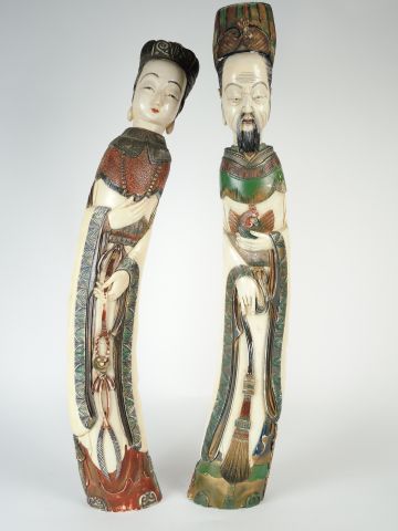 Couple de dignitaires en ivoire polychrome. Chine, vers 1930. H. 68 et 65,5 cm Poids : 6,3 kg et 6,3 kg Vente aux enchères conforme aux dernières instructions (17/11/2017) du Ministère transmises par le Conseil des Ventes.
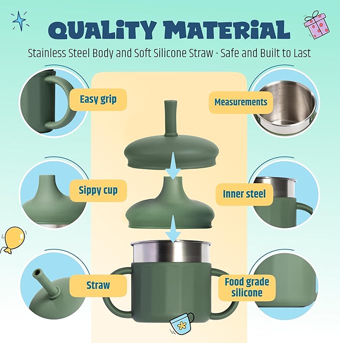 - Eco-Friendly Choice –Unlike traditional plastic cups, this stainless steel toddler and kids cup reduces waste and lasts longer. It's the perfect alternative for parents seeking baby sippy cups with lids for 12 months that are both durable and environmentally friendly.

----

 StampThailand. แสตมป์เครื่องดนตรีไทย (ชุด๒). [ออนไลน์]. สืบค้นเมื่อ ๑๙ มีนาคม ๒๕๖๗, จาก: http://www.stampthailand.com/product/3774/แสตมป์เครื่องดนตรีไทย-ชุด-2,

----

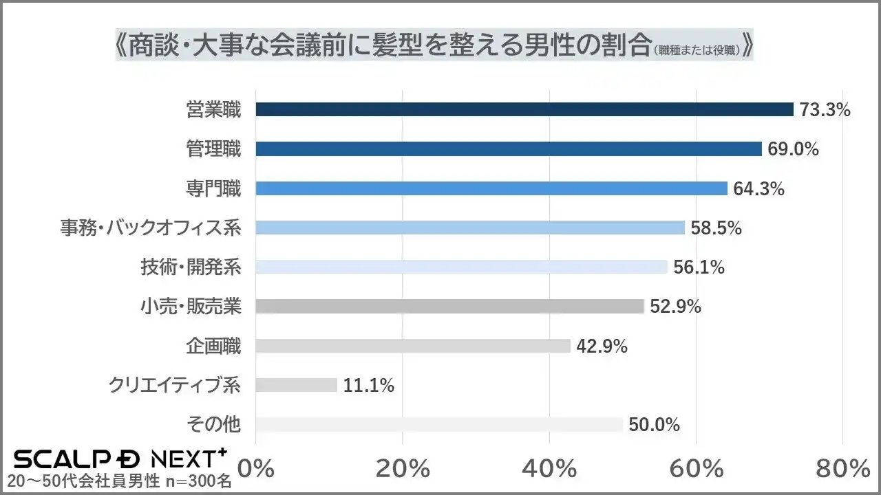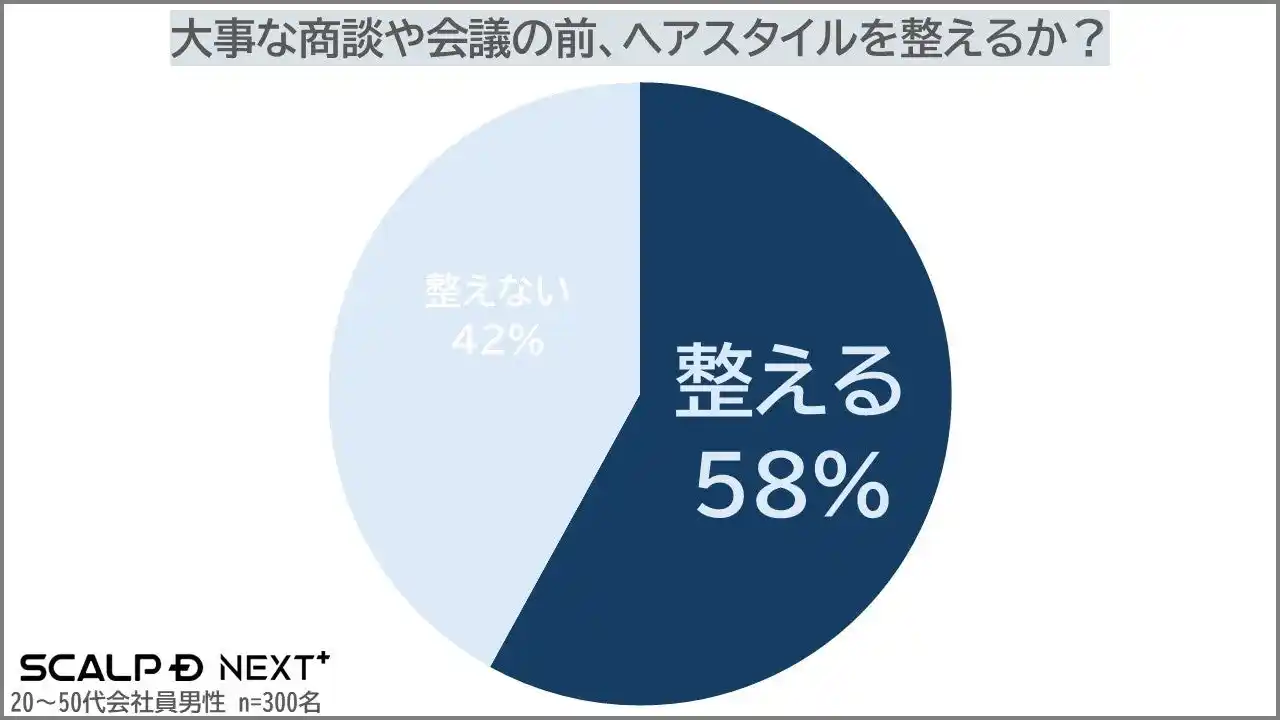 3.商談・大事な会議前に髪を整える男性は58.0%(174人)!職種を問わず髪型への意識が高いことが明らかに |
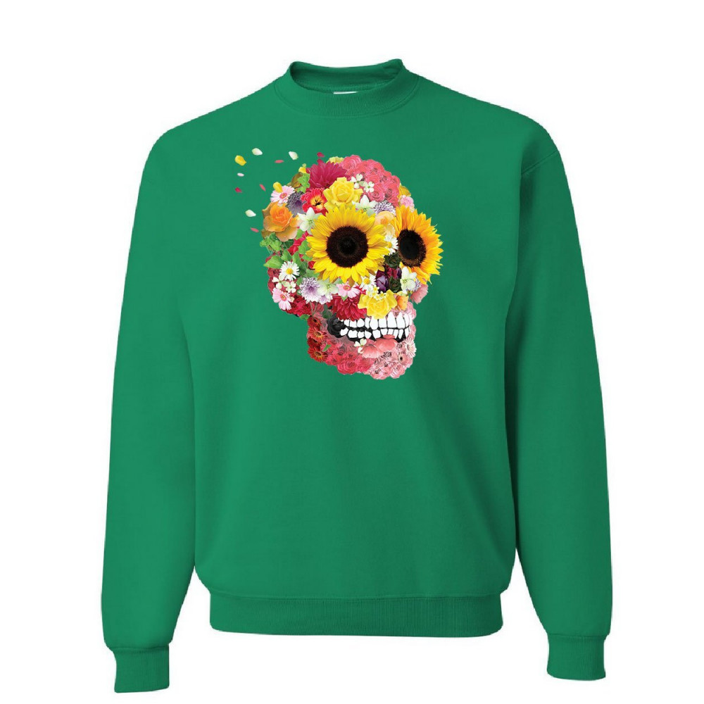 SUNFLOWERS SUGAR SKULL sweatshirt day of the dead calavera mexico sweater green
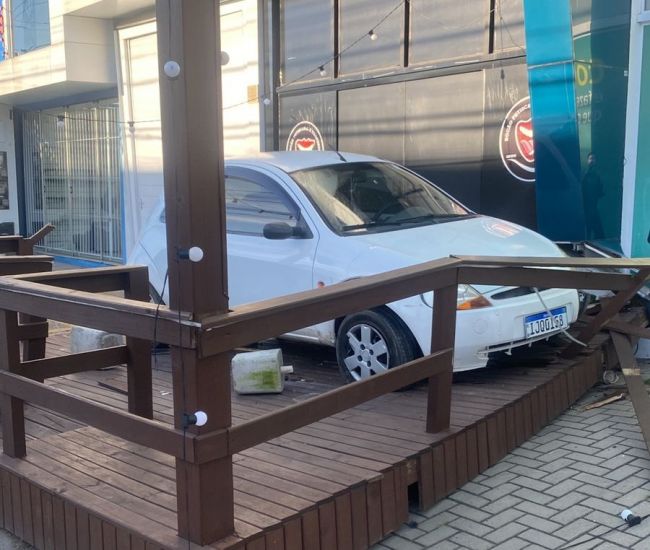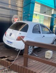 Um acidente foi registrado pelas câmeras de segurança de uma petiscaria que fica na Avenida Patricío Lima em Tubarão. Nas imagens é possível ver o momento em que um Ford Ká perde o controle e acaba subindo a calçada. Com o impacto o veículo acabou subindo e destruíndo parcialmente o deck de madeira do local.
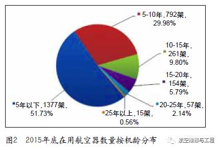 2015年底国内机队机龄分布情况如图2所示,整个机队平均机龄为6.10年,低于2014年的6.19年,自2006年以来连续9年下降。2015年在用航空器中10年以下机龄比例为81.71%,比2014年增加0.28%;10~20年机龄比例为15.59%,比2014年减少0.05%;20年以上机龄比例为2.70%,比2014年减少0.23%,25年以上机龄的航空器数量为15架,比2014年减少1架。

----

■ ASSIGNED TASK:
Within the listing above, extract exactly the lines that run from the one containing "Couple de dignitaires" through the one containing "- Eco-Friendly Choice", excluding any pictures.

■ WRITTEN SOLUTION:
 Couple de dignitaires en ivoire polychrome. Chine, vers 1930. H. 68 et 65,5 cm Poids : 6,3 kg et 6,3 kg Vente aux enchères conforme aux dernières instructions (17/11/2017) du Ministère transmises par le Conseil des Ventes.
 - Eco-Friendly Choice –Unlike traditional plastic cups, this stainless steel toddler and kids cup reduces waste and lasts longer. It's the perfect alternative for parents seeking baby sippy cups with lids for 12 months that are both durable and environmentally friendly.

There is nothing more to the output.